Trust Tiers
Not all benchmark results carry the same weight. Bench'd assigns a trust tier to every score based on who ran the benchmark, how it was verified, and whether the environment was controlled.
Bench'd Certified
benchd-certifiedHighest trust level. Benchmark was run by the Bench'd team using official infrastructure, with full isolation verification and cryptographic signing.
Requirements
- -Run executed by Bench'd team or authorized partner
- -Full isolation canary passed (no data contamination between runs)
- -Signed with Bench'd official keypair
- -Complete manifest with all traces published
- -Adapter reviewed and approved by Bench'd team
What it means for consumers
You can treat this score as ground truth. The run environment was controlled, the scoring was deterministic, and the receipt is cryptographically verifiable.
Vendor Verified
vendor-verifiedBenchmark was run by the system vendor using the official harness, with a signed manifest submitted for verification.
Requirements
- -Run executed using official benchd-harness package from PyPI
- -Manifest signed with vendor's own keypair
- -Signature verified by Bench'd
- -Adapter code submitted for review (may be proprietary)

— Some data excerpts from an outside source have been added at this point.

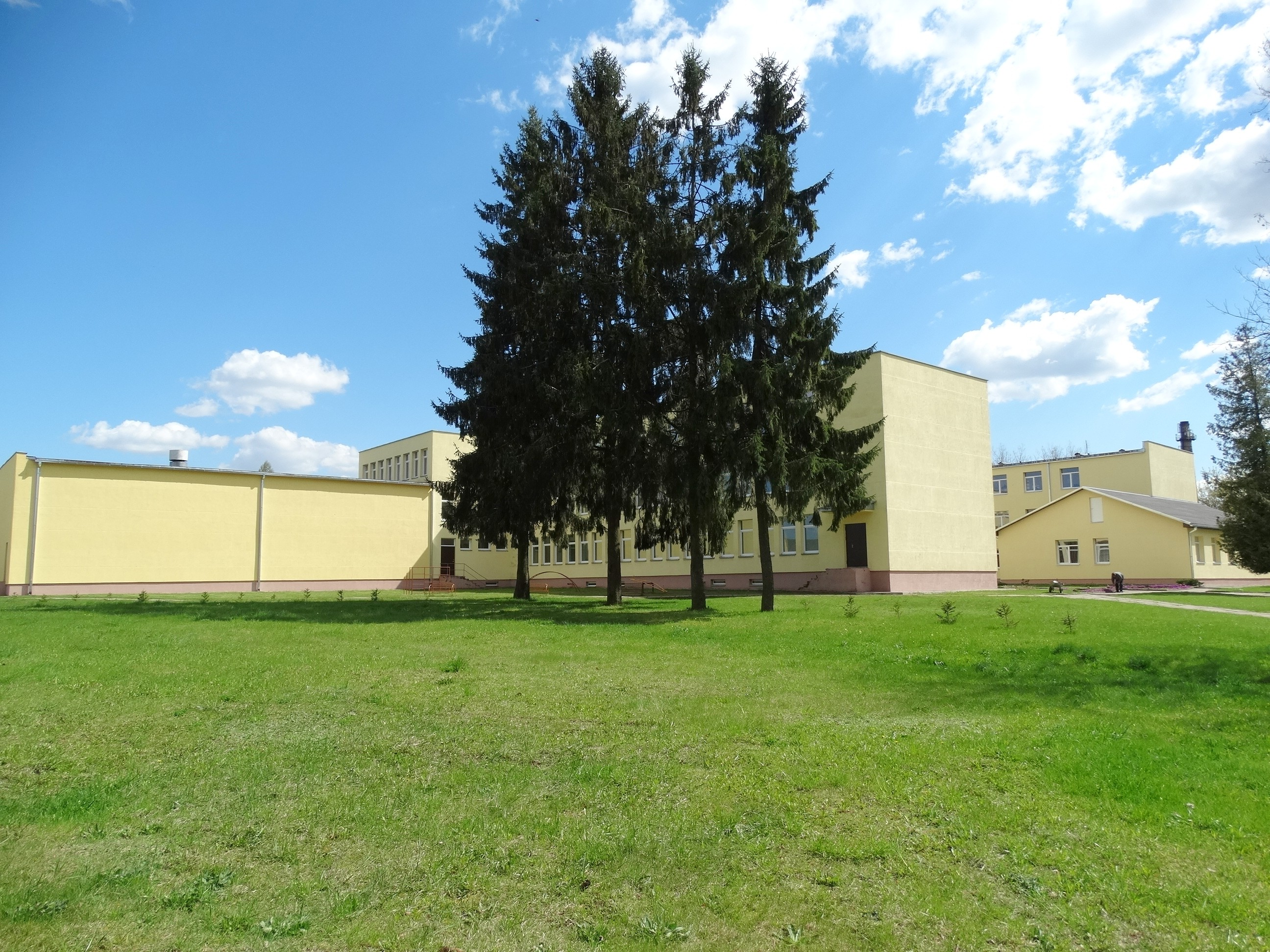 Adam Mickiewicz Gymnasium, Dieveniškės, Šalčininkai District, Lithuania
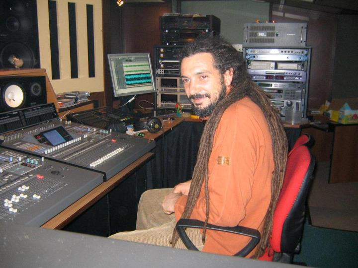 hierbamala hierba levi papa tambo in studio
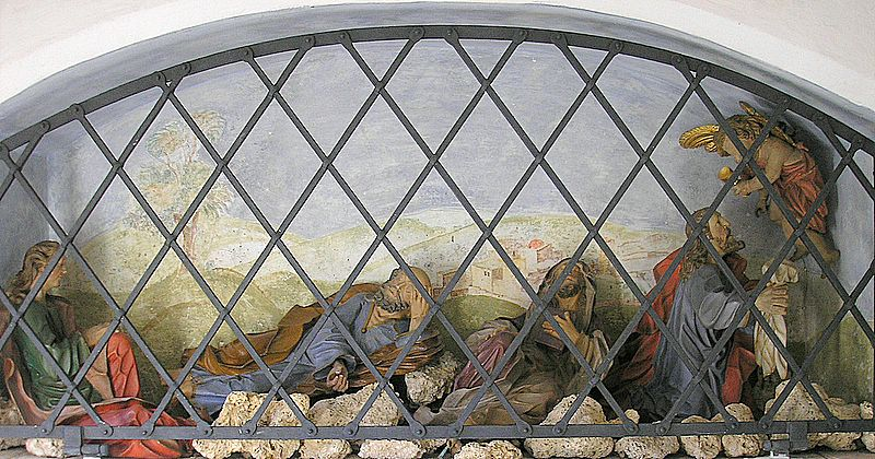 Parish church of the Holy Cross (Oberfinning, Municipality Finning, Landkreis Landsberg am Lech, Upper Bavaria, Germany). Garden of Gethsemane (Lorenz Luidl, ca. 1686)
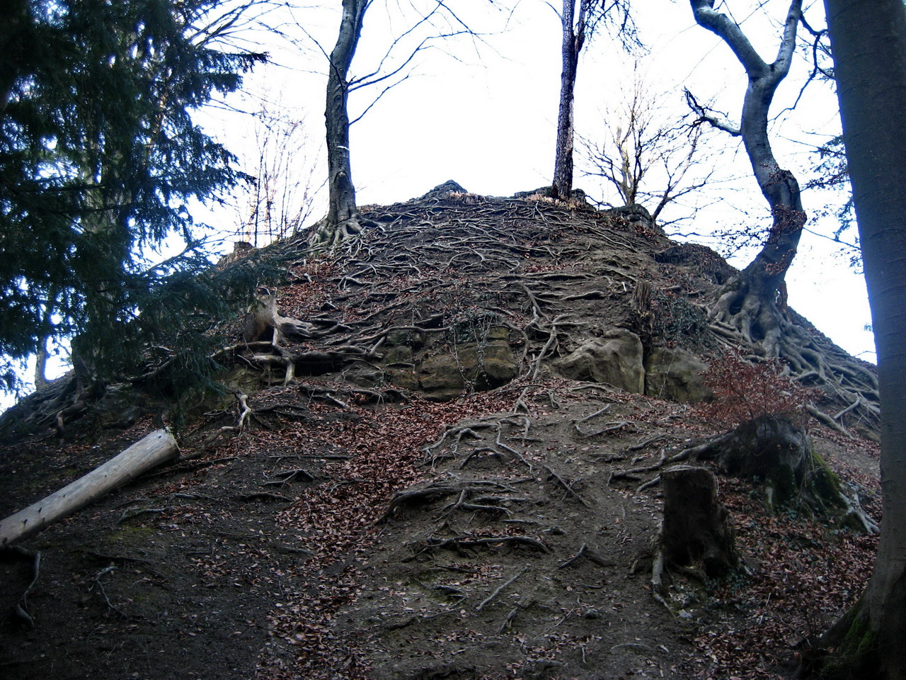 Zürich - Uetliberg : Friesenberg castle.
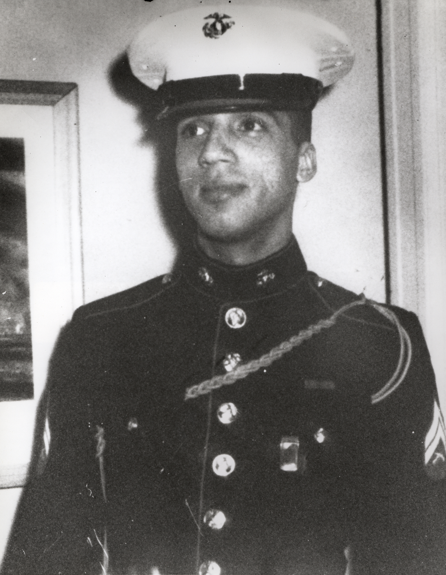 Sergeant Rodney M. Davis, USMC, Medal of Honor recipient
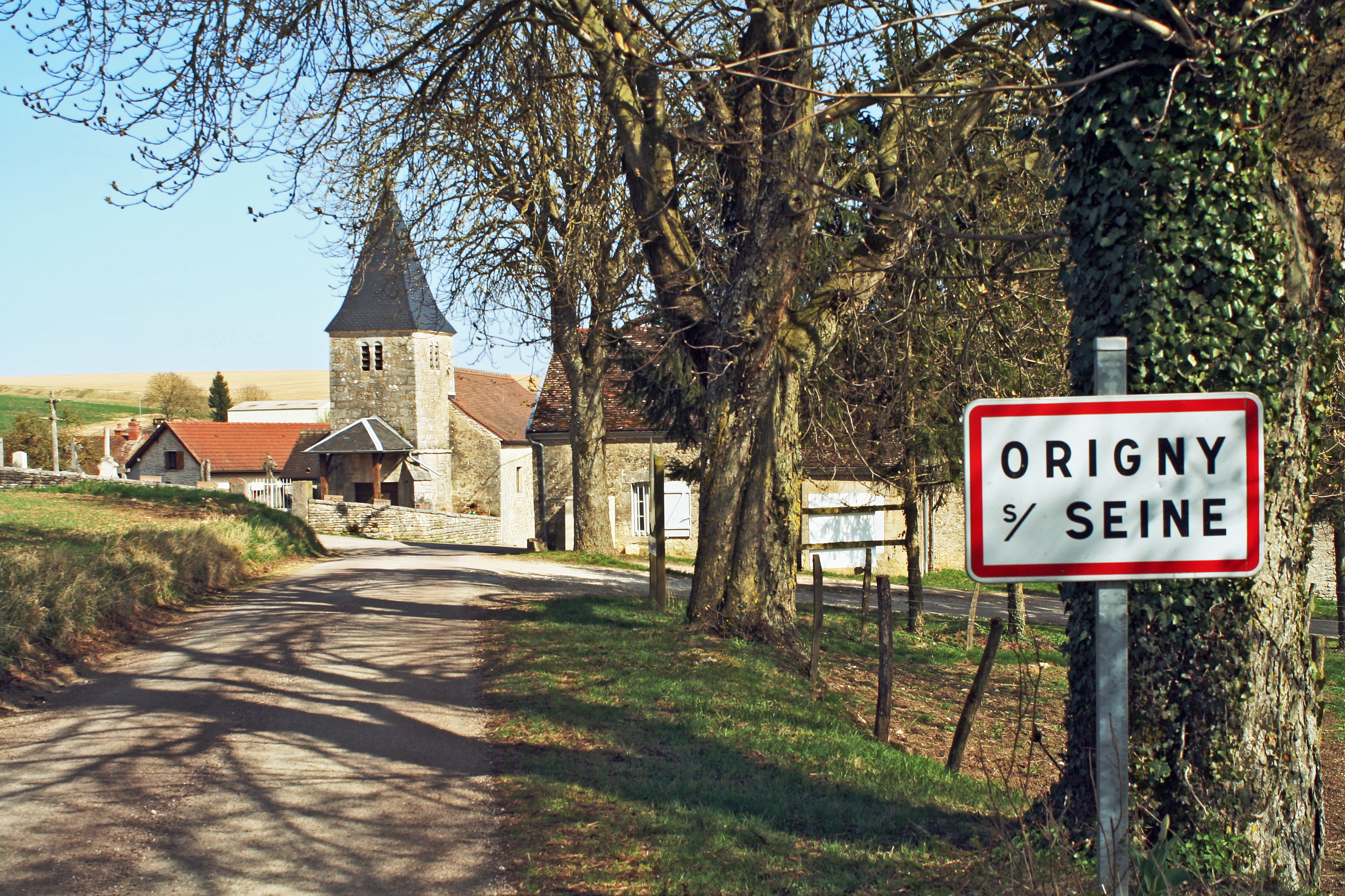 Entry of the village Origny(-sur-Seine) seen since the road to St-Marc-sur-Seine
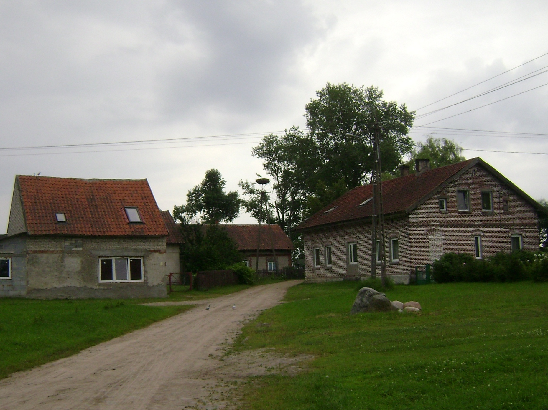 Poland. Gmina Pasym. Narajty Village
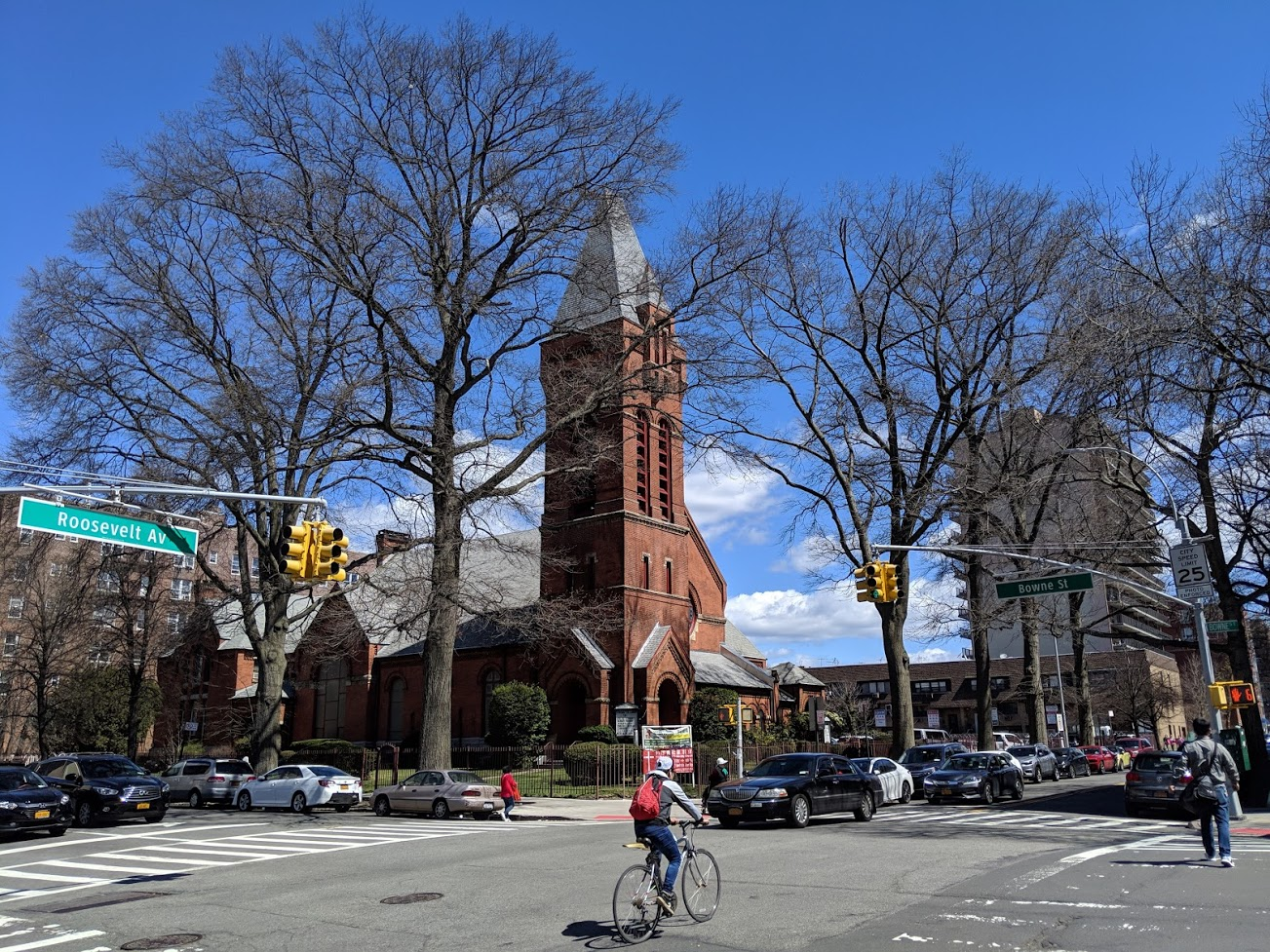 Protestant Reformed Dutch Church of Flushing (Bowne Street Community Church) is a 18th Century (B.1891-92) Romanesque Revival style, especially notable for its prominent corner tower, decorative brickwork, and opalescent stained-glass windows.
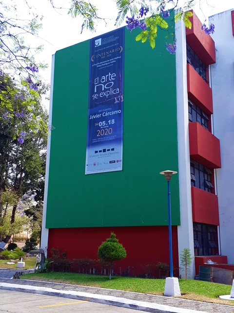 Frontispiece of guatemala's national school of plstica arts
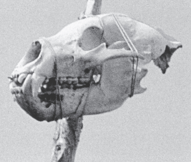 A bear skull on a pole seen by William Brooks Cabot in 1910 in the Ungava region of northern Quebec. Often cited as the first concrete evidence of the existence of the subspecies of grizzly bear, Ursus arctos ungavaesis.

- -At least one benchmark completed with full traces
What it means for consumers
The vendor used our tools and protocol, but controlled the environment. Results are likely accurate but could theoretically be cherry-picked or run on optimized configurations.
Community Verified
community-verifiedBenchmark was run by a community member using the official harness. Results are real but the environment was not controlled by Bench'd.
Requirements
- -Run executed using official benchd-harness package
- -Manifest signed (any keypair)
- -At least one benchmark completed
- -Adapter passes basic validation (benchd adapter validate)
What it means for consumers
These are real benchmark results from a real adapter, but the runner's environment and configuration were not audited. Good for initial ranking; may need re-verification for leaderboard claims.
Listed
listedSystem is cataloged but has not been benchmarked yet. May have an adapter in development.
Requirements
- -System identified as an AI memory system
- -Basic metadata collected (name, website, category, track)
What it means for consumers
No benchmark data available. The system appears on the site for discovery purposes only. Scores will show as 'pending' or 'adapter_missing'.
Promotion path
Systems move up the trust ladder as they complete verification steps:
Vendors can accelerate promotion by submitting their adapter for review and requesting a certified run through the claim flow.
Stable URL: benchd.ai/methodology/trust-tiers
Version: 1.0 | Referenced in signed manifests and adapter contracts.